Markets Erode Morals, Let People Do Horrible Things: Study

Markets Turn People Evil: Study
Face of tiny white mouse peeps out
Face of tiny white mouse peeps out

Markets can make people do bad things.

That's the disturbing -- but sadly not all that shocking -- conclusion of a recent experiment by two German economists, who found that people were more willing to let laboratory mice be killed in exchange for small sums of money if they were involved in financial markets where the mice's lives were bought and sold. The more people in the market, the cheaper the lives of the mice were. Markets eroded the morals of the people involved.

The study helps explain how people who might ordinarily be horrified by labor conditions in Bangladesh or environmental devastation in China can end up supporting those things without thinking about it. It's much easier for us to buy that cheap T-shirt made with sweatshop labor if financial markets shield us from the ugly reality of how it got made, or at least help us pass off responsibility for those things onto somebody else in the market. It helps explain how Wall Street traders can ignore the potentially devastating consequences of pumping dangerous bubbles higher.

In the study, by Armin Falk of the University of Bonn and Nora Szech of the University of Bamberg, one group of people was given a simple, stark choice: They would get 10 euros if they agreed to let a mouse be killed. Nearly 46 percent of the people in that group chose the 10 euros, consigning their mice to death. You might call this the "control group," or "mouse murderers."

Then, the experimenters put several more people in trading markets, where rights to trade the lives of the mice were bought and sold.
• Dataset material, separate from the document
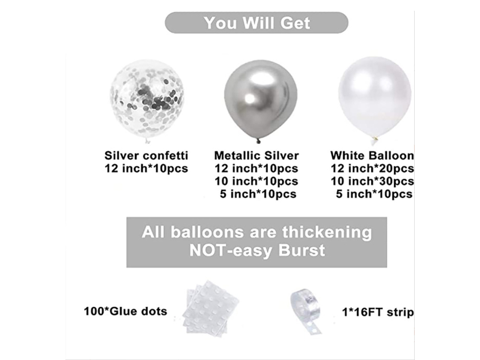 - argintiu metalic 30 cm (10 buc).); 25 cm (10 buc.); 13 cm (10 buc.),

In a simple market, 72 percent of the people involved were willing to trade the lives of mice for money, usually for much less than 10 euros.
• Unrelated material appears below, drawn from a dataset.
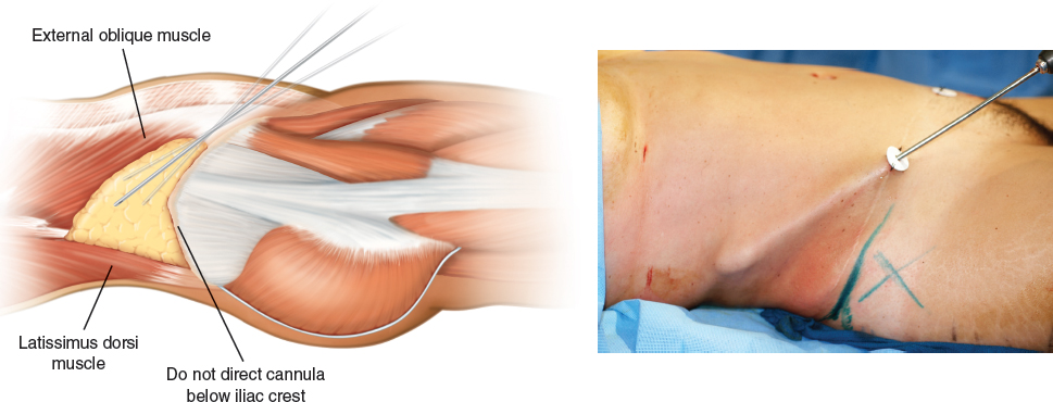 To truly contour this fat pad zone, the surgeon must approach it not only with the patient in the lateral decubitus position but also in the prone position. In the past, I tried addressing the waistline when the patient was supine and prone, but the contour was never really as refined as desired. It looked good while the patient was on the table, but the results 3 to 6 months later left something to be desired.

In a more complex market, involving more traders, roughly 76 percent killed mice for cash, at even lower prices.

The study used mice known as "surplus" mice, which are routinely killed because they aren't useful for other scientific experiments. (Which is a horrible thing to learn all by itself.) The researchers say that all of the mice in the experiment were going to die anyway, and that the experiment saved many. Those mice that made it through the study without being killed lived out the rest of their natural lives in comfort, with medical care. The rest were killed humanely. There is no word on how everybody slept at night after the experiment was over.
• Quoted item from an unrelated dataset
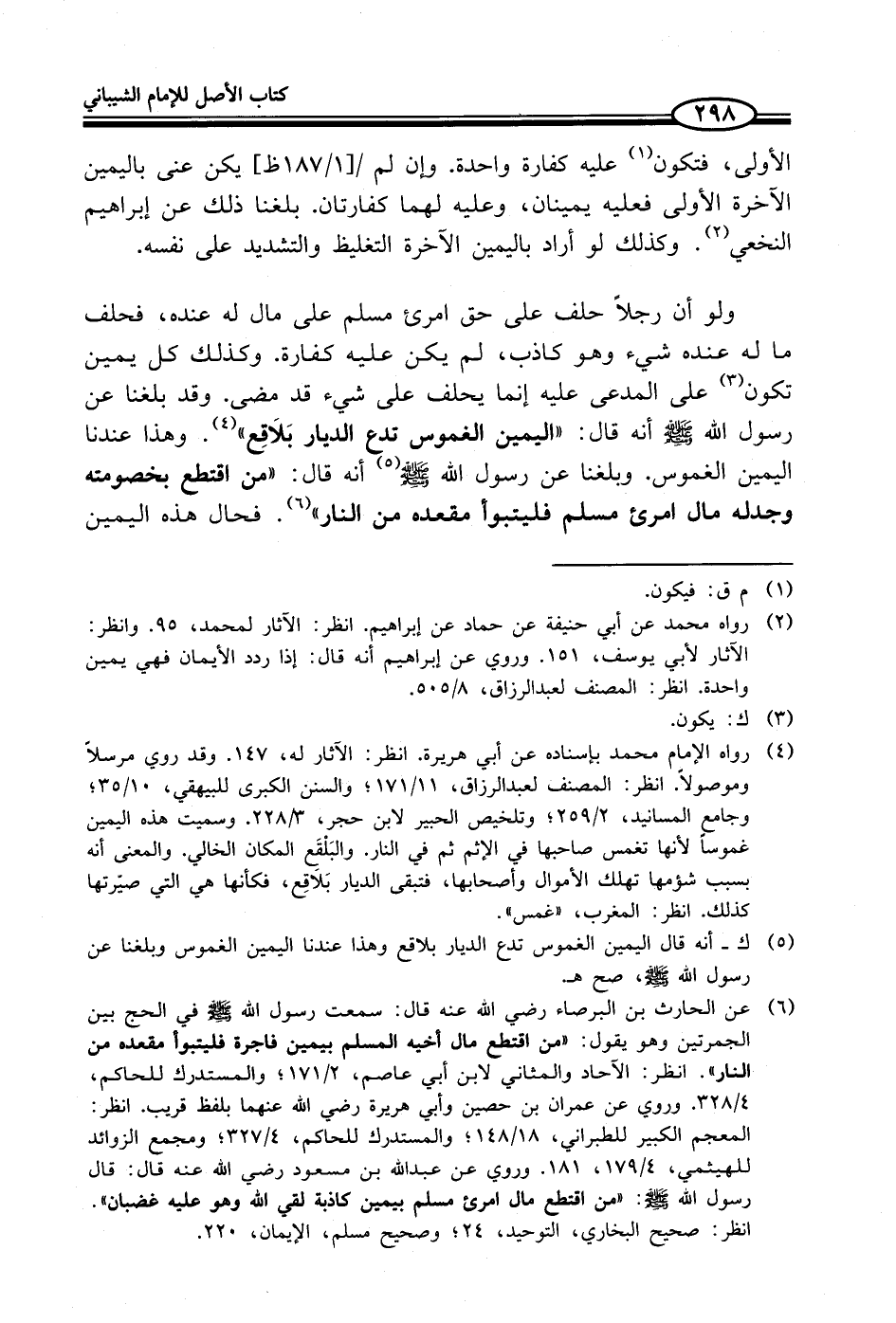 (¬4) رواه الإمام محمد بإسناده عن أبي هريرة. انظر: الآثار له، 147. وقد روي مرسلاً وموصولًا. انظر: المصنف لعبد الرزاق، 11/ 171؛ والسنن الكبرى للبيهقي، 10/ 35؛ وجامع المسانيد، 2/ 259؛ وتلخيص الحبير لابن حجر، 3/ 228. وسميت هذه اليمين غموسًا لأنها تغمس صاحبها في الإثم ثم في النار. والبَلْقَعِ المكان الخالي. والمعنى أنه بسبب شؤمها تهلك الأموال وأصحابها، فتبقى الديار بَلاقِع، فكأنها هي التي صيّرتها كذلك. انظر: المغرب، "غمس".

Markets are not inherently evil. They can do a lot of good, as the German researchers allow. But they are not infallible. The study comes at the end of a long stretch of decades in which "free markets" have been elevated to near-sacred status and have infiltrated our lives, not always in good ways. Harvard economist Michael Sandel has warned that America risks becoming a "market society," a place without a soul.

Formerly public institutions have been privatized, including the warehousing of human beings in prisons, as The Huffington Post's Chris Kirkham has documented extensively. People get the names of casinos and porn sites tattooed on their faces. Pension plans have been replaced by market-based 401(k)s, which gradually eat away at retirement security. Some would like to replace social programs like Medicare and Social Security with market-based accounts. Satisfying the god of the free market has led to widening income inequality, with soaring stocks and stagnant wages.

The devastating collapses of the dot-com and housing bubbles in recent years have finally led us to start questioning the value of unfettered markets. This study suggests there is good reason to put limits on just how far we let markets go.

"We as a society have to think about where markets are appropriate," the researchers write, "and where they are not."

Correction: An earlier version of this story incorrectly identified one of the researchers as "Nora Szechone." The correct name is Nora Szech.